Mr Spencer has claimed that Intergovernmental Agreements between the Commonwealth and the States and Territories, along with the International Treaty the Kyoto Protocol that was signed in April 1998 that set Greenhouse Emissions Targets that Australia have to meet by 2012, bind both the Commonwealth and State together.

The Carbon Sink developed on his property by the State banning Land Clearing has expropriated Mr Spencers property and prohibited the lawful use of his land for Agricultural purpose and no payments forĂ‚ sequestration and storing Carbon has been negotiated, this acquisition was not on “Just Terms” as the Commonwealth Constitution provides for just compensation for the acquisition of property.

Counsel representing Mr Spencer in proceedings, high profile Sydney Barrister Mr Peter E King said after the hearing,

“This is the first occasion in Australia’s legal history that it has been found there was an “arguable case” against the Commonwealth on behalf of farming interests that the Kyoto Protocol may give rise to Property Rights”.

Mr Spencer said

” I am delighted that my case will be heard and it vindicates my beliefs, farmers have as much right as coal – miners to recognition under the Climate Change Convention “.

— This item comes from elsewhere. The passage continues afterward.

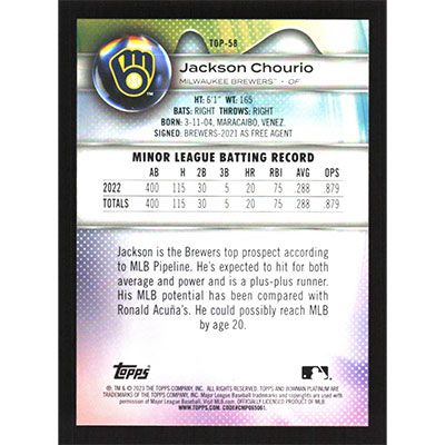 This is a 2023 Bowman Platinum Top Prospects Jackson Chourio baseball card. The card is #TOP-58 and pictures show condition.

The Commonwealth legal team now have until the 10th of February to present their arguments with the case due back in court on the 14th of February.

After upwards of 50 court appearances, where his case has been struck off without arguments being considered, Peter Spencer and his high powered legal team are very happy to finally have the facts of his case heard in the Federal Court.

If successful in their next appearance the case will go to trial at a date to be set for later in 2008.